Field programmable gate array (field programmable gate array, FPGA) is a chip with parallel architecture, which has distributed memory, pipeline structure and scalable high-speed IO port, which can realize highly parallel numerical calculation and fast data communication. Based on FPGA real-time simulation technology of power system has been paid more and more attention in recent years. In the existing real-time digital simulator (real-time digital simulator, RTDS), the FPGA-based MMC bridge arm model components are highly packaged, and only provide simulation functions for half-bridge and full-bridge sub-modules, and users cannot simulate on this platform. The submodules of other topology types are studied, and the types of faults at the submodule level that can be simulated are limited, and the flexibility is poor.

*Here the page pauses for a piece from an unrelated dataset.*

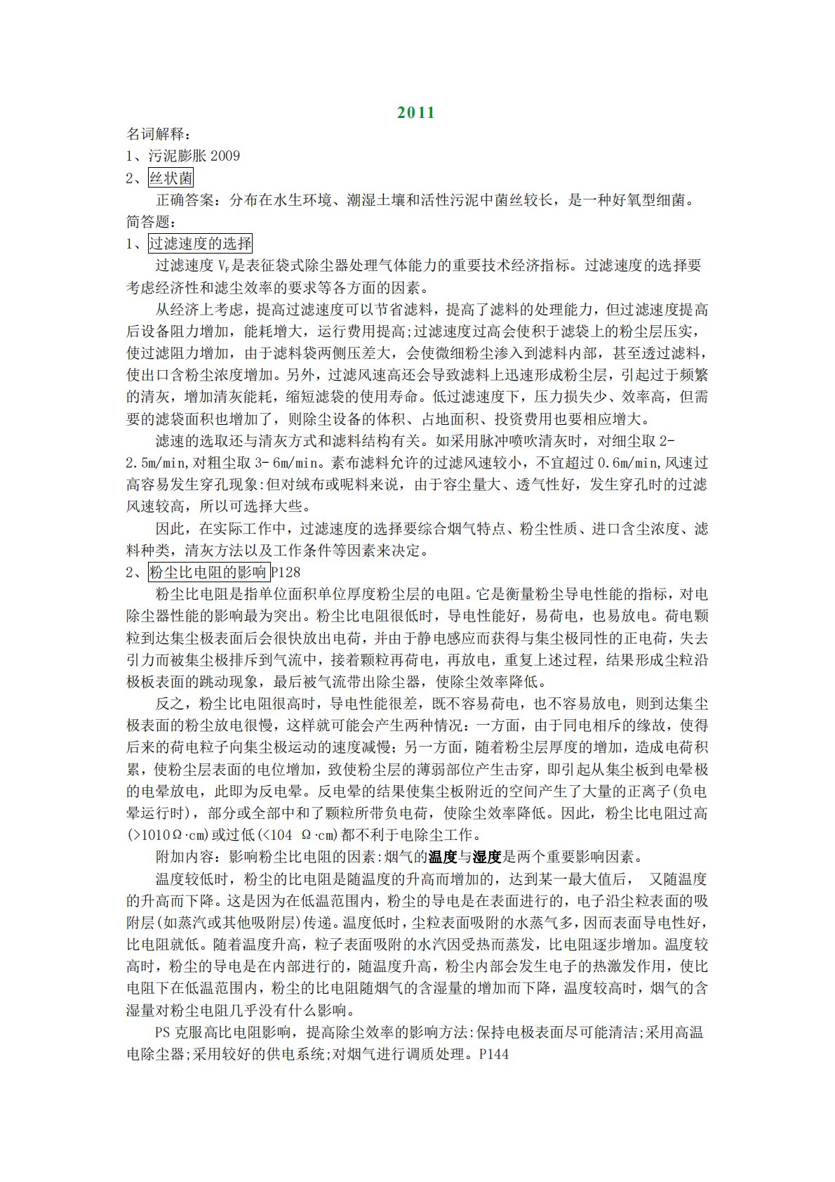 2011名词解释:1、污泥膨胀20092、丝状菌正确答案:分布在水生环境、潮湿土壤和活性污泥中菌丝较长,是一种好氧型细菌。简答题:1、过滤速度的选择过滤速度VF是表征袋式除尘器处理气体能力的重要技术经济指标。过滤速度的选择要考虑经济性和滤尘效率的要求等各方面的因素。从经济上考虑,提高过滤速度可以节省滤料,提高了滤料的处理能力,但过滤速度提高后设备阻力增加,能耗增大,运行费用提高;过滤速度过高会使积于滤袋上的粉尘层压实,使过滤阻力增加,由于滤料袋两侧压差大,会使微细粉尘渗入到滤料内部,甚至透过滤料,使出口含粉尘浓度增加。另外,过滤风速高还会导致滤料上迅速形成粉尘层,引起过于频繁的清灰,增加清灰能...

In view of this, the present invention designs a real-time simulation model of a modular multilevel converter based on a field programmable gate array, which can accurately simulate the operating characteristics of a modular multilevel converter system, and can conveniently realize the simulation scale , system parameters, flexible configuration of sub-module topology.

Contents of the invention

The invention provides a real-time simulation modeling method for a modular multilevel converter based on a field programmable gate array, and its specific steps include:

Step 1: Establish the Thevenin equivalent circuit of a single submodule when it is switched on, bypassed and blocked according to the different working states of the submodules, and obtain the Thevenin equivalent circuit of a single bridge arm through accumulation. Divide the sub-modules of the same bridge arm of the modular multilevel converter into m groups, each group contains n sub-modules, and each group of sub-modules corresponds to a calculation pipeline;

Step 2: Connect the FPGA to the real-time digital simulator;

Step 3: Connect the FPGA to the valve-level physical controller;

Step 4: The FPGA collects the primary system configuration information and operation information of the MMC from the real-time digital simulator. The configuration information includes the number of sub-modules of a single bridge arm, the capacitance value of a single sub-module, and the operation information is the capacitance current.

Step 5: FPGA collects the trigger control information of each sub-module from the valve-level physical controller;

Step 6: According to the collected bridge arm current and sub-module capacitance value, FPGA calculates the capacitor voltage increment of the sub-module in the same bridge arm that is in the input state, and distributes the capacitor voltage increment and sub-module trigger control information to m in the pipeline.

Step 7: Each pipeline performs synchronous parallel calculation. Inside each pipeline, the calculation completes the update of the capacitance voltage of n sub-modules, and calculates the Thevenin equivalent voltage and equivalent resistance of a single bridge arm.

Step 8: The FPGA sends the bridge arm equivalent voltage and equivalent resistance calculated in step 7 to the real-time digital simulator, and the calculation result of each bridge arm is equivalent to a controlled Thevenin branch.

Step 9: The FPGA sends the submodule capacitor voltage updated in step 7 to the valve-level physical controller.

In the process of establishing the Thevenin equivalent circuit of a single sub-module, the power electronic switching device is equivalent to switching between the on-state resistance R _ON (typical value 10 ^-2 Ω) and the off-state resistance R _OFF (typical value 10 ⁶ Ω) Since R _ON is much smaller than R _OFF , in the case of ensuring simulation accuracy, R _OFF is approximately considered to be infinite. The backward Euler method is used to discretize the capacitance of the sub-module, and the formula for updating the voltage of the sub-module capacitor is:

V _C (t) = V _C (t-ΔT) + R _C I _C (t) (1)

Among them, R _C is the capacitance resistance of the sub-module; ΔT is the simulation step size; V _C (t) and V _C (t-ΔT) the current moment and the last moment of the sub-module capacitance voltage; I _C (t) is the flow through the sub-module capacitive current.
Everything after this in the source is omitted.